--- Exercise materials Enclosed Below ---

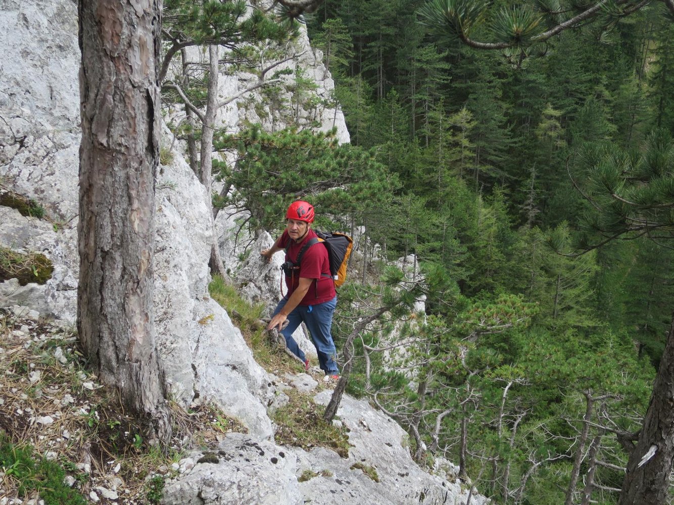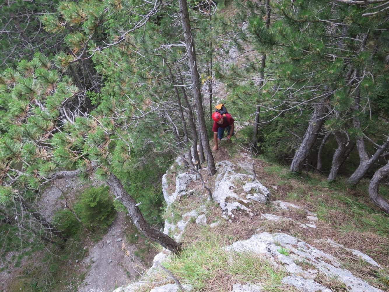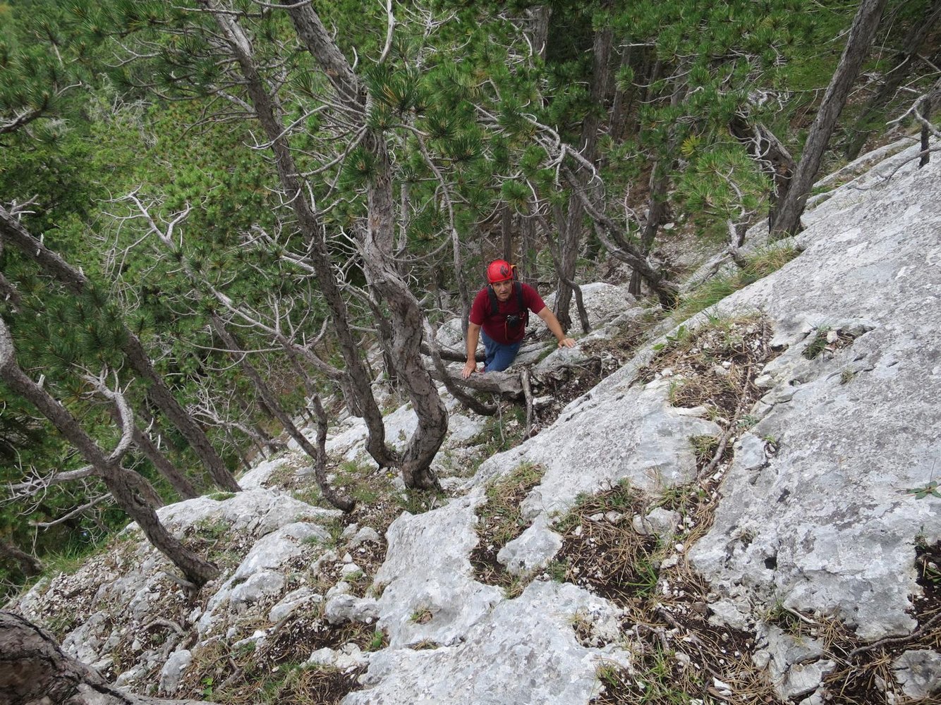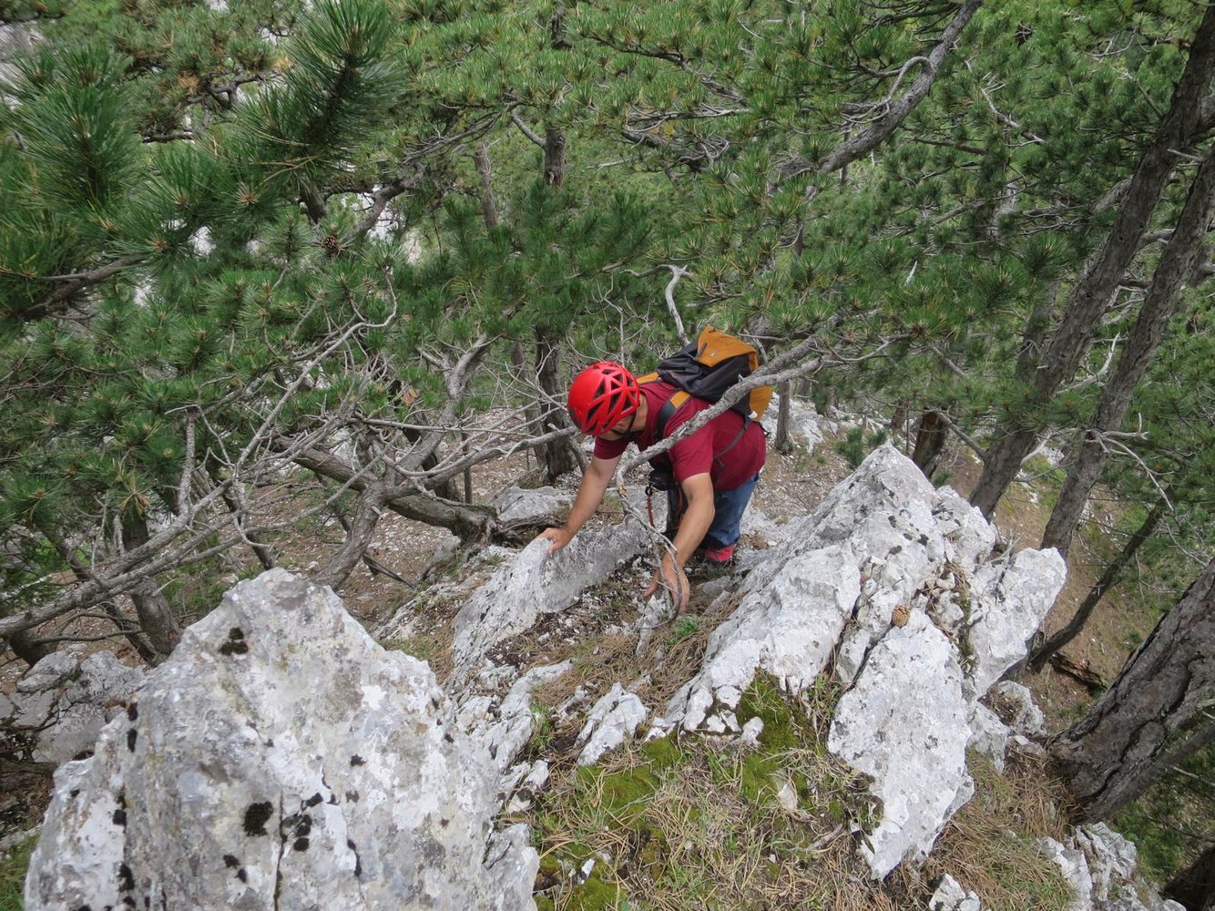 Keine Haken vorhanden, man kann aber sehr gut an den vielen Baumen mit Bandschlingen sichern.
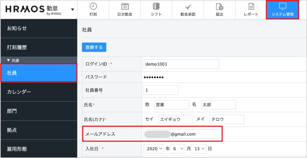 システム管理者権限のアカウントにはメールアドレスをご登録ください。
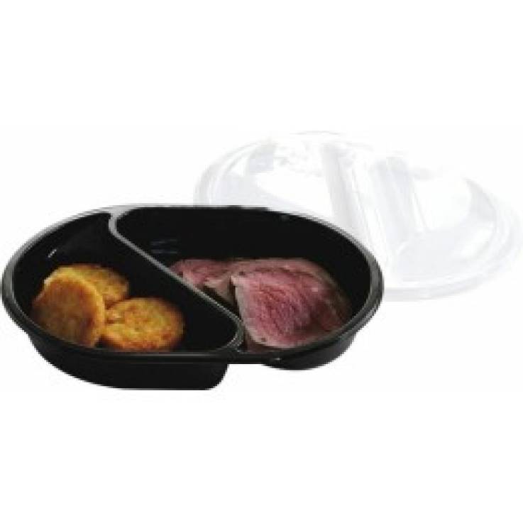 Barquette plastique CPET 2 compartiments noire avec couvercle spécial four 900 ml – par 40
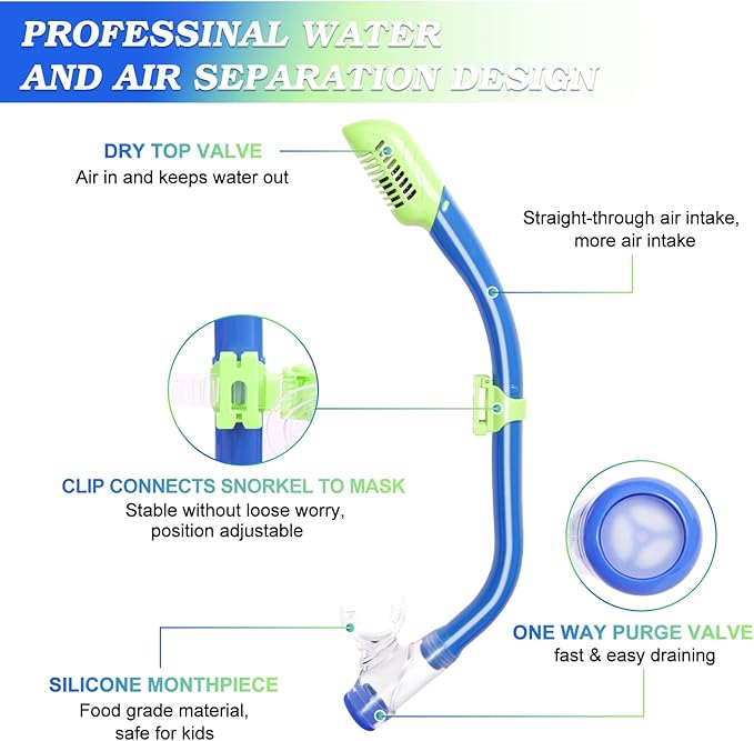 • 【DRY TOP SNORKEL & PURGE VALVE】The Snorkel adopts the most stable dry float valve design. When immersed in water, the top float valve will close automatically to prevent water from entering the breathing tube, the lower purge valve can quickly drain water, so that children will not be choked by water. Food grade soft liquid silicone mouthpiece is durable and safe for children to use.
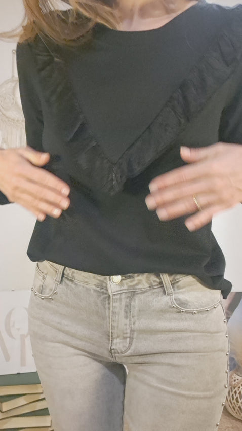 Samarreta bàsica de cotó, negre de coll rodo, però li dona un toc al volant amb V que hi ha al davant i al darrere, i és setinat, que li dona el seu punt, a la bàsica. És molt còmode.
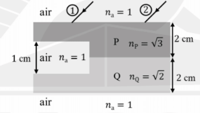 Two parallel light rays 1 and 2 are incident from air on a system consisting of media P, Q, and air, as shown in the figure below. The incident angle is 45°. Ray 1 passes through medium P, air and medium Q and ray passes through media P and Q before leaving the system. After passing through the system, the angular deviation (in radians) between the two rays is
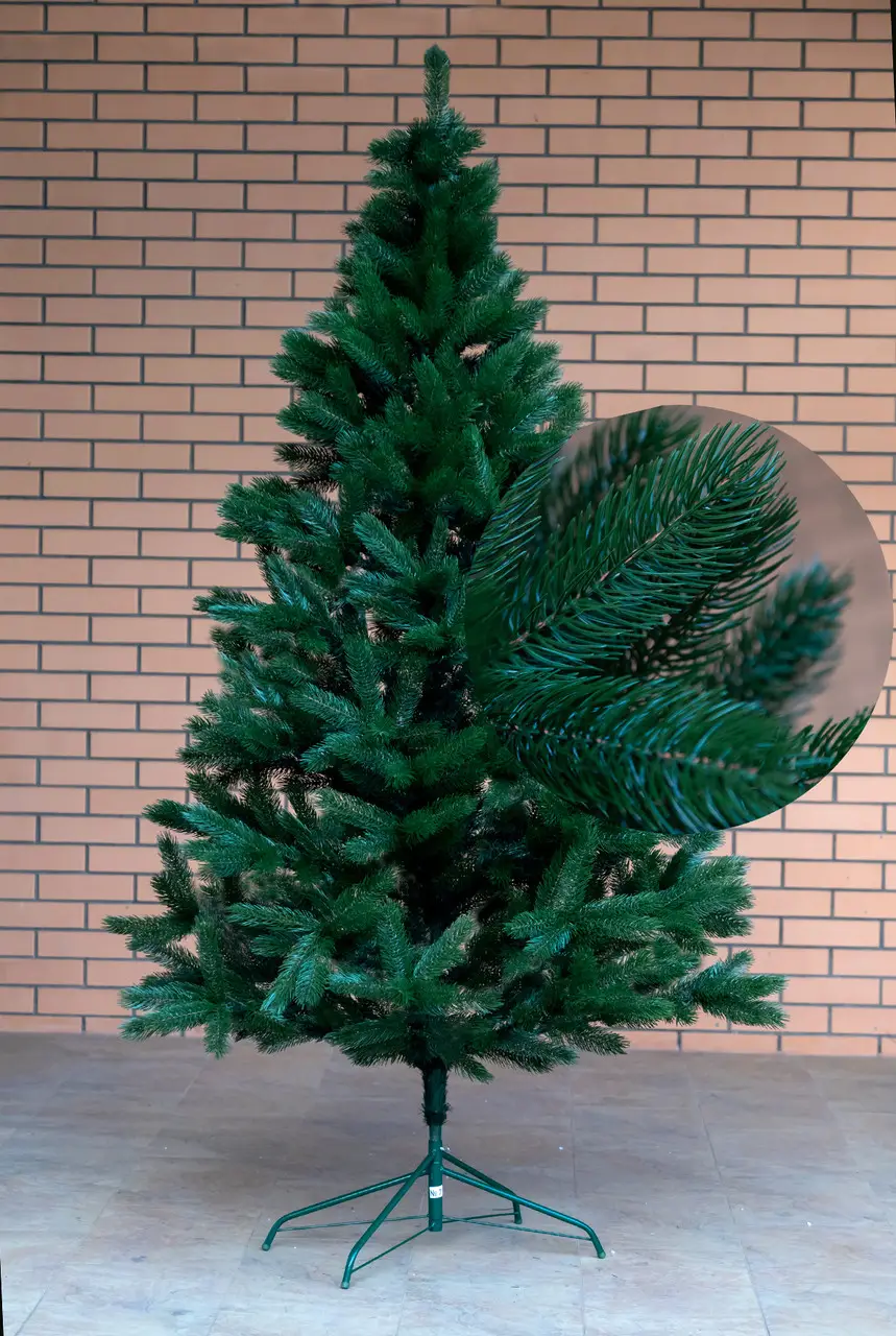 Виглядає як натуральна ялинка завдяки великій кількості індивідуально відлитих гілочок. А все тому, що кожна гілочка відливається в спеціальній формі. Це забезпечує ялинці досить натуральний і урочистий вигляд. Основи гілок декоровані коричневими елементами, щоб надати нашій ялинці максимальну схожість з лісовою. Самі гілочки пружні, не зминаються, їх приємно торкатися. Лита ялинка 1.5 м. основа метал. Ялинка лита 1.5 м. стовбур метал.
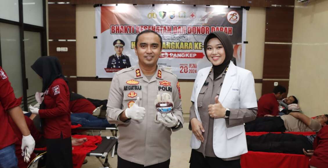 Kapolres Pangkep AKBP Ari Kartika Bhakti, S.I.K., M.K.P., menyampaikan, Donor Darah, Rikkes dan pengobatan gratis tersebut merupakan bentuk kepedulian sosial terhadap sesama sekaligus sebagai bentuk Pelayanan kepada masyarakat yang membutuhkan.
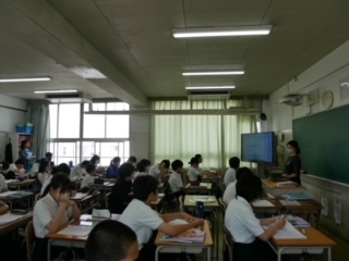 2年生の英語の授業のようすです。先生の流暢な発音に続き、子どもたちもカッコよく英語の発声をしていました。おや?この授業には先生がたくさんいます。主になる英語の先生、チームティーチングをおこなう英語の先生、そして、本校に常駐する学力向上支援コラボレーターの先生、さらに、1ヶ月に1度程度の巡回で来校する学力向上支援チーフコラボレーターという大阪市教育委員会の先生です。淀中学校に限らず、多くの大阪市の中学校では、国語、数学、英語で「個に応じた学習指導」を進めるために数名多くの教員が配置されています。そして、淀中学校は大阪市教育委員会から学力向上の重点的な支援を得る学校ですので、前述のコラボレーターの先生たちが学力向上のための支援活動をおこなっているということになります。そんな一面をご紹介します。
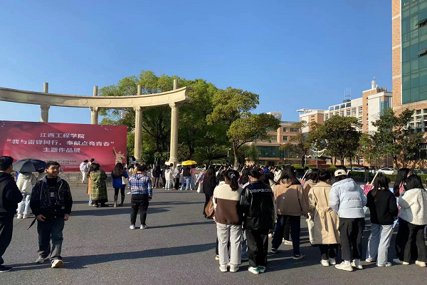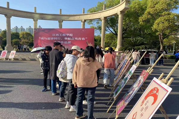 为纪念毛泽东等老一辈革命家为雷锋同志题词60周年,贯彻落实习近平总书记关于深入开展学雷锋活动的重要指示精神,促进精神文明建设,弘扬雷锋无私奉献的精神,创造良好校园环境,充分展示当代大学生朝气蓬勃、健康向上的精神风貌。3月26日,由校团委主办,抱石艺术学院承办,在天工校区读书广场开展“我与雷锋同行,奉献点亮青春"主题作品展。
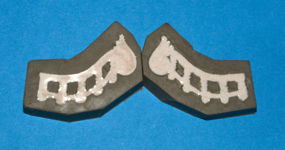 Elementy powstają również "metodą negatywową" przypomnę detal rzeźbię ("wyciskam") w plastelinie, odlewam prototyp, który "dopieszczam" do wersji końcowej, tenże odciskam w plastelinie i odlewam elementy końcowe.
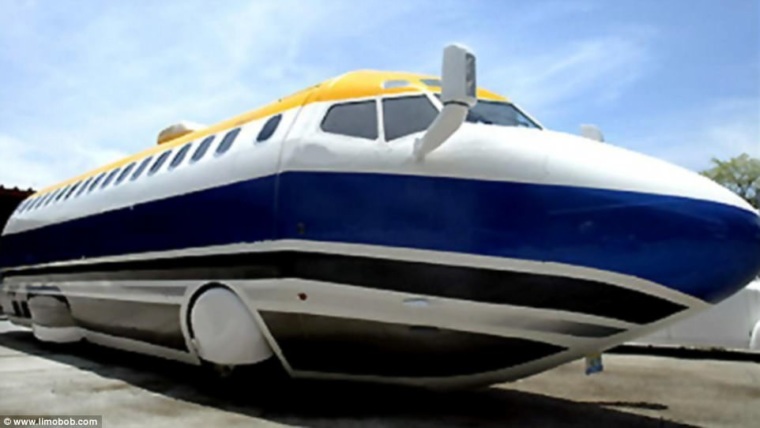 Это не автобус и не самолет, это настоящий лимузин! Правда, с чертами автобуса и самолета. Один энтузиаст авиации сконструировал это чудо, "скрестив" автобус-"мерседес" и часть корпуса от Боинга-727. Длина машины - около 16 метров, а вот ширина впечатляет! В итоге, в авто вмещаются около 50 человек, которые запросто могут устроить в машине дискотеку. Тем более, все необходимое для этого есть, включая бар, дым-машину и даже стробоскоп.

--- End of Enclosed Exercise materials ---

• Your assignment
The answer must consist only of the lines from the beginning of the entries above through the line that holds "Samarreta bàsica de", reproduced exactly and without pictures.

• Answer for this exercise
 Keine Haken vorhanden, man kann aber sehr gut an den vielen Baumen mit Bandschlingen sichern.
 システム管理者権限のアカウントにはメールアドレスをご登録ください。
 Barquette plastique CPET 2 compartiments noire avec couvercle spécial four 900 ml – par 40
 • 【DRY TOP SNORKEL & PURGE VALVE】The Snorkel adopts the most stable dry float valve design. When immersed in water, the top float valve will close automatically to prevent water from entering the breathing tube, the lower purge valve can quickly drain water, so that children will not be choked by water. Food grade soft liquid silicone mouthpiece is durable and safe for children to use.
 Samarreta bàsica de cotó, negre de coll rodo, però li dona un toc al volant amb V que hi ha al davant i al darrere, i és setinat, que li dona el seu punt, a la bàsica. És molt còmode.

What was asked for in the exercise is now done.